Stock 317s don't stall until somewhere above .600", so keeping the duration modest while using the full flow potential of the head makes the best torque curve across the full rpm range; with little to no penalty to part throttle driveability. For the rpm range you indicated, with the 402 you don't need much more intake duration than that; it'll just swap low end torque and part throttle for peak rpm beyond what you intend to run it. It has a modest 9* pattern split which is good range for cathedral. It's -2* overlap is enough that you'll get some benefit from the exhaust charge pulling in the intake for mid and top end power. But with the larger displacement, it's still conservative enough that the light-to-moderate loads will make plenty of torque. The 65* intake closing @ .006" puts the DCR ~8.2:1 which can run on 91-93.

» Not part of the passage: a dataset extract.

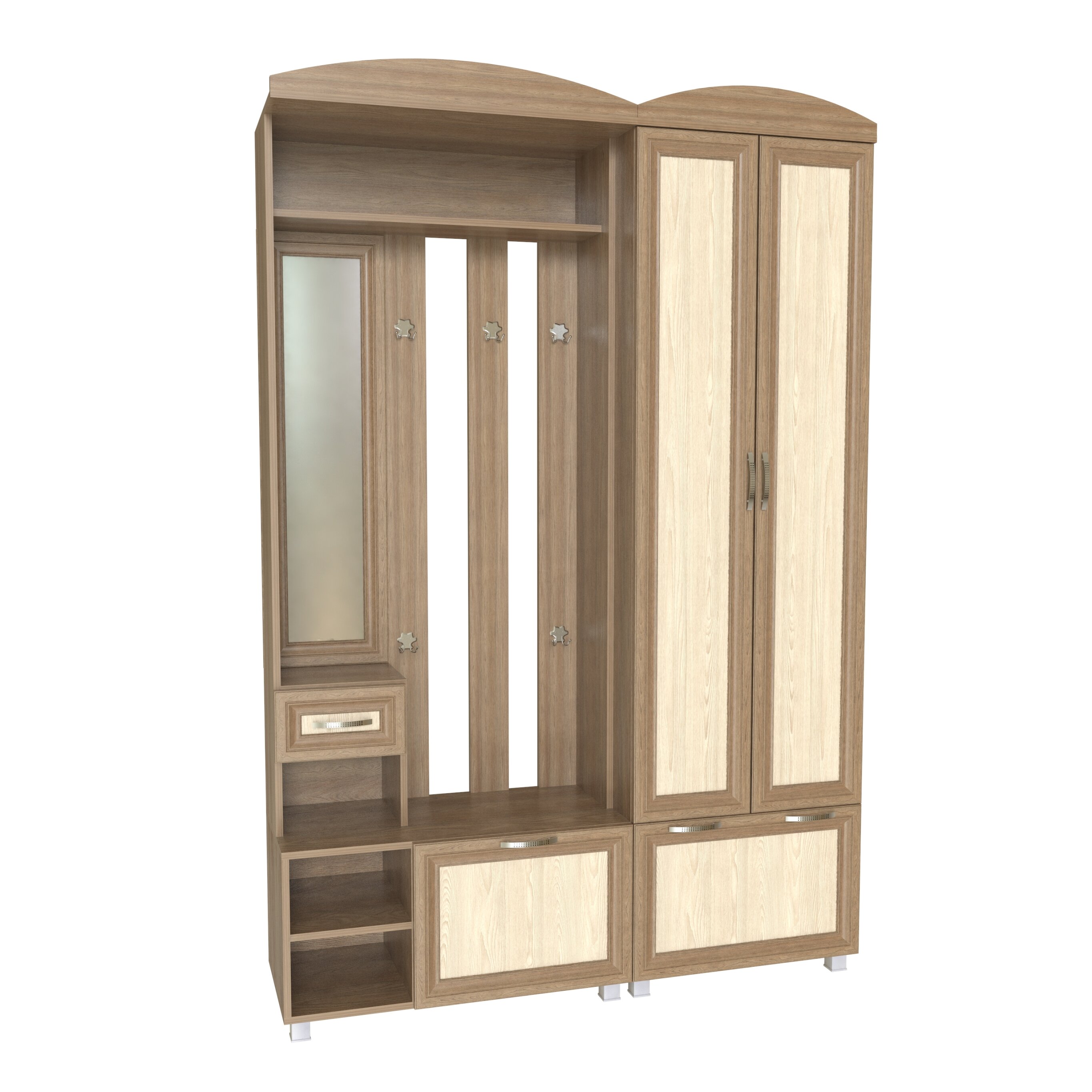 Обувница с двумя откидными нишами под обувь, распашной дверью со съемными полками и выдвижным ящиком. Тумба идеально встанет в Вашей прихожей и не займет много места.Корпус и фасады из качественного ЛДС.Производитель оставляет за собой право менять фурнитуру.
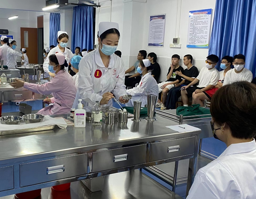 14名教師和107名學(xué)生參加了這次活動。學(xué)校督導(dǎo)辦副主任曾紀(jì)杰教授等督導(dǎo)親臨現(xiàn)場指導(dǎo)。經(jīng)過5月11日“單人徒手心肺復(fù)蘇術(shù)”項目比賽和5月12日“無菌技術(shù)操作”項目比賽,本次活動圓滿落下帷幕。

The .600" lift will help the GENIII intake & 78mm throttle body. The NBSS intake pretty much makes better power everywhere so it's a great upgrade, and of course mated to it's 88mm stock TB it breathes even better in comparison on the upper rpm range. You can certainly wait until you upgrade, but they're not all that expense to buy used. Biggest cost will be a decent aftermarket TB. Do a search on here and you'll find which brands work, and which ones cause tuning issues. You will have to re-calibrate of course, so unless you do that on your own, it might be smarter to do the upgrade first; so you don't have to go threw multiple tuning iterations with the change.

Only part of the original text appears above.